Retford: 27th April

Retford Bread Stone DBTuesday morning, from Carleton to Retford, 12 miles. All this stage the ground is very level and well farmed, still they are at no great distance from the Trent, but stand upon another river well situated. They generally have leases, but at the same time precarious, either depending upon the life of the proprietor or the tenant. Retford is a very neat, clean place, about the size of Hawick, but more open built. Not far from it there are two intermediate inns, where any person may wait and have what he pleases, when the horse feeds on 4d for corn, ad for beans, and 3d for hay. Stay as short as you please, you can have a 4d glass of wine and 1d biscuit, which is very refreshing. For this you have as much civility as in most places in Scotland were you to drink or spend 10s. Their hostlers clean your horse, wash out the fore feet, rub and “redd tail and mane;” for this he expects 2d or 3d; no person can begrudge him. After staying an hour you feel quite refreshed. This is the general practice, the hostlers curse and swear all the time they are rubbing a horse, and always the “blood” ; it is really shocking to hear them, they certainly look upon it as part of their business.

BOSSINGTON BRIDGE

From Retford to Bossington Bridge, 12 miles; 157 miles from London.
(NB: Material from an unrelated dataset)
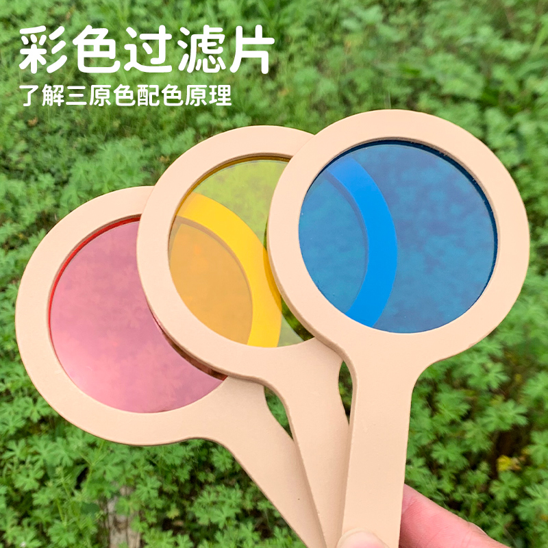 プレートフィルタ区カラー透光科学三原色教具認知変色幼稚園のカラーパッチに色を重ねます。

For some distance the soil is pretty good, after that much of it has been taken off commons, and only partially improved, a kind of shrub willow heath and furze, running by the way, which leads to Bawtry, a pretty village. A little further on is the Red Lion tavern, near Robin Hood’s well. From thence to Doncaster, 5 miles. Here they carry on a great many small factories, chiefly in the woollen way. A great branch of a canal comes very nigh to the town, about 1½  miles on the side of the way. They have the finest race ground I ever saw, and well preserved all the year round. The streets are paved with a very hard, flinty kind of stone, uneasy for a horse to travel upon, or even pedestrians.